Peki bu olabilir mi? Bu siyasi anlayışla olacağına inanmıyorum, akşam partilerin açıklamalarına baktığınızda sizde belki benim gibi düşüneceksiniz. Neden mi ayrıyız? Dikkat buyurun yıllardır belirttiğim gibi: “Sağ okumuyor. Boşuna bağırıyorum. Sol diyalogdan kaçıyor, küskün. (Jurnal 28.07.1974)

Yani diyorum, bir gün sağ ile sol partiler bir araya gelirde, şu pandemi sürecinde hiç olmazsa anlaşarak, bizi ekonomik sıkıntılarımızdan, sosyal hastalıklarımızdan tutup çıkartabilirler mi?

Yani aşı konusunda bile ikiye ayrılmışız, sonra bu kadar aydın, Prof. ve bilim adamı var iken, şaşırmamak elde değil! AYNI YÖNE BAKMAK BU KADAR MI ZOR!

KENDİMİZ GİBİ OLMALIYDIK

Onunla başladık, onunla devam edelim bu günkü fikir yolculuğumuza. Meriç bugünkü yaşadığımız sorunları biraz da aydınlarımızın milli olmayışına, çoğunun batı hayranı oluşuna bağlar yazılarında.

Biliyorsunuz batı hayranlığı onlarla aramızda derin uçurumlar olmasına rağmen, Osmanlının son döneminde yayılmış şu asırda bile bütün yaşananlara rağmen bu hayranlık devam etmektedir.

Bu değişimi özellikle de aydınların durumunu Cemil Meriç, Umrandan Uygarlığı kitabında(s27) şöyle açıklar: “Elbette imparatorluğun yükseliş devrinde aydın, toplumun herhangi ferdidir, zevkleri ile, zilletleri ile, mukaddesleri ile, acıları ile… Kadıdır, müftüdür, tahrirat katibidir v.s.

Toplumun herhangi bir ferdiyle aynı camide namaz kılar, aynı sofrada yemek yer.

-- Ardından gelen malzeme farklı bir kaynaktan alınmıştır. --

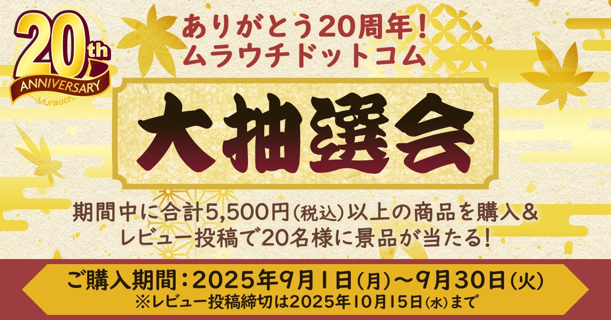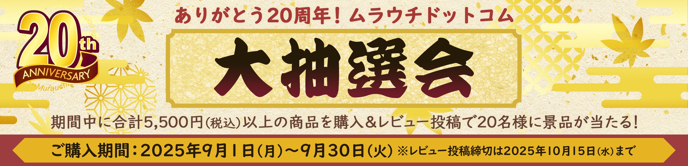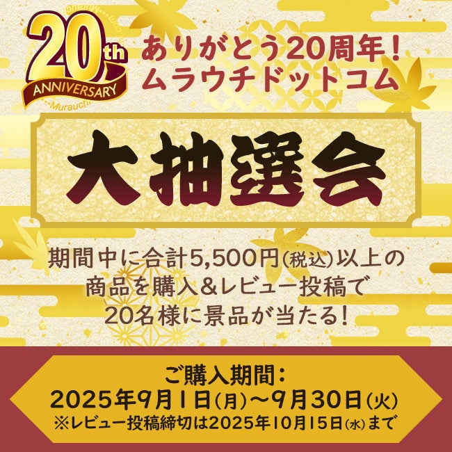 2025年9月1日 (月) ~2025年9月30日 (火) の期間、murauchi.com本店にて合計5,500円 (税込) 以上の商品をご購入いただき、商品レビューを投稿してくださった方の中から 20名様に、景品 (※) が当たる抽選会を開催します。

Ne imtiyaz peşindedir. Tanzimat’tan sonra durum değişir. Aydın kendi tarihinden koptuğu ölçüde aydındır; kendi tarihinden, yani kendi insanından. Batı’nın temsilcisi olduğu ölçüde aydın.

Batı medeniyetine bağlanmak, deri değiştirmekle olmaz. Daha köklü, daha uzvi(doğal) bir istihale(İstihâle, necis veya haram bir maddenin yapı değişimine uğrayarak temiz (tâhir) veya helal hale gelmesidir) gerek…”

Bugüne dönüyor, günümüz aydınlarına bakıyorum, çok azı müstesna yine batıcı, işte bundan olsa gerek fikri kıblemizi kaybetmişiz. Oysa biz kendimiz gibi olmalı değil miydik?